# Stevia - It Sucks!



## The Rose (Sep 21, 2002)

Someone told me to use Stevia as an alternative to table sugar in my coffee.  So I went out and bought a box of packets for $10.45.  Let me tell you that it sucks bigtime!  It leaves a horrible aftertaste.  I am now convinced that nothing beats good old cane sugar.

Does anybody agree?


----------



## Mudge (Sep 22, 2002)

Try Splenda, yes Stevia has an aftertaste.


----------



## bludevil (Sep 23, 2002)

You can buy Stevia without an aftertaste. Some of the lower end companies that make Stevia definately have an aftertaste, but a few companies do make a good product. 
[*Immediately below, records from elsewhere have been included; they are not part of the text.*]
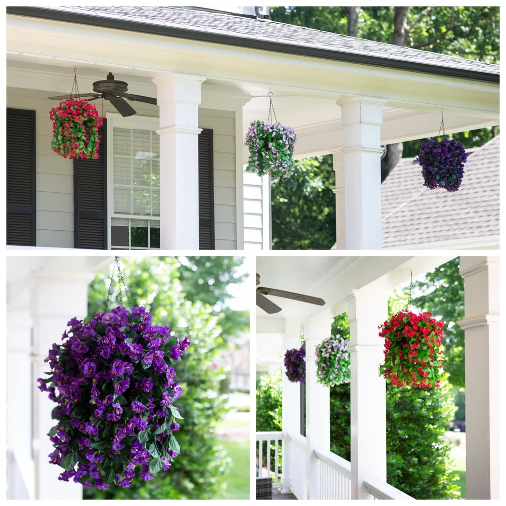 BEAUTIFUL HANGING FLOWERS: artificial hanging orchid flower has rich blossom and leaves filled in a handmade cone shape rattan basket. SIMPLE ASSEMBLY: artificial hanging plant needs 5 minutes to assemble. Simply place the silk flower branches to the basket and design the shape. Please refer to the pictures or video listed above if you need further instruction. PACKAGING: The beautiful faux hanging silk flower basket comprises of a cone-shaped basket with metal chains and 4 branches of orchid artificial flowers. Each hanging branch has forks of flowers and dark green leaves. GOOD QUALITY: The hanging basket and artificial flowers were made of good quality material that don’t require maintenance after assembly. It’s UV resistance and won’t fade, sturdy enough for any weather. No watering needs. ARTIFICIAL GREENERY DECORATION: The fake hanging flower in a basket looks real and stylish, making it the perfect hanging basket for your home, patio, balcony, garden, indoor and outdoor. It blooms all year and adds a sense of spring to your home.
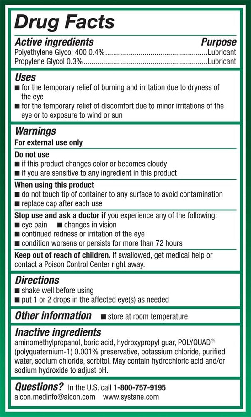 Systane Ultra Lubricant Eye Drops are clinically proven to deliver extended protection and high-performance relief from your dry eye symptoms. This Ultra formula provides you with the extended relief that you need. These lubricant eye drops have been clinically proven to reduce both the signs and symptoms of dry eye, quickly. Providing immediate, long-lasting moisture and protection Systane Lubricant Eye Drops offer the relief you need to get through your day. You no longer have to suffer through burning and irritation due to your dry eyes, get temporary relief with these lubricant eye drops. Available in multiple size bottles to keep your eyes feeling moist and refreshed during your day. The Systane Family of Products is the #1 Doctor Recommended brand of artificial tears for dry eye symptom relief. Don’t let dry eyes ruin your day, Systane provides temporary relief from your symptoms.
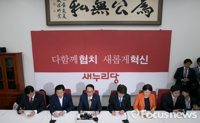 (서울=포커스뉴스) 여야 3당이 20대 국회 원구성에 합의한 8일 오후 서울 여의도 국회 새누리당 원내대표실에서 김도읍 새누리당 원내수석부대표, 박완주 더불어민주당 원내수석부대표, 김관영 국민의당 원내수석부대표가 3당 원내지도부 회동 결과를 발표하고 있다. 왼쪽부터 김명연 새누리당 원내대변인, 김관영 국민의당 원내수석부대표, 김도읍 새누리당 원내수석부대표, 박완주 더불어민주당 원내수석부대표, 이재정 원내대변인, 이용호 국민의당 원내대변인.
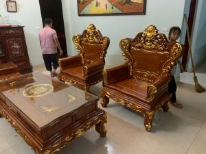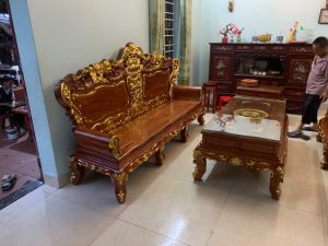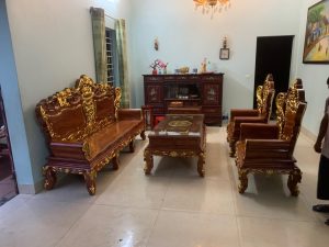 Chương liền toàn bộ, đục hoa lá cây - Hàng gồm6 món,2 ghế đơn, 1 đoản dài, 2 ghế đôn và 1 bàn

NOW makes a pretty good Stevia product


----------



## Duncan (Sep 24, 2002)

I concur with Mudge, SPlenda is great.


----------



## oldschoolboy (Sep 25, 2002)

Splenda is good. Artificial, but good. Yes, look for a stevia product that has higher rebaudioside content (as opposed to high stevioside content). The latter is very bitter... but sweet. Why the hell did you buy stevia anyway?


----------



## Arnold (Sep 25, 2002)

I use both Sweet-n-Low and Equal.


----------



## bludevil (Sep 26, 2002)

> _*Originally posted by Prince *_
> I use both Sweet-n-Low and Equal.



I think she is trying to find a sweetner that doesn't have aspartame / saccahrin


----------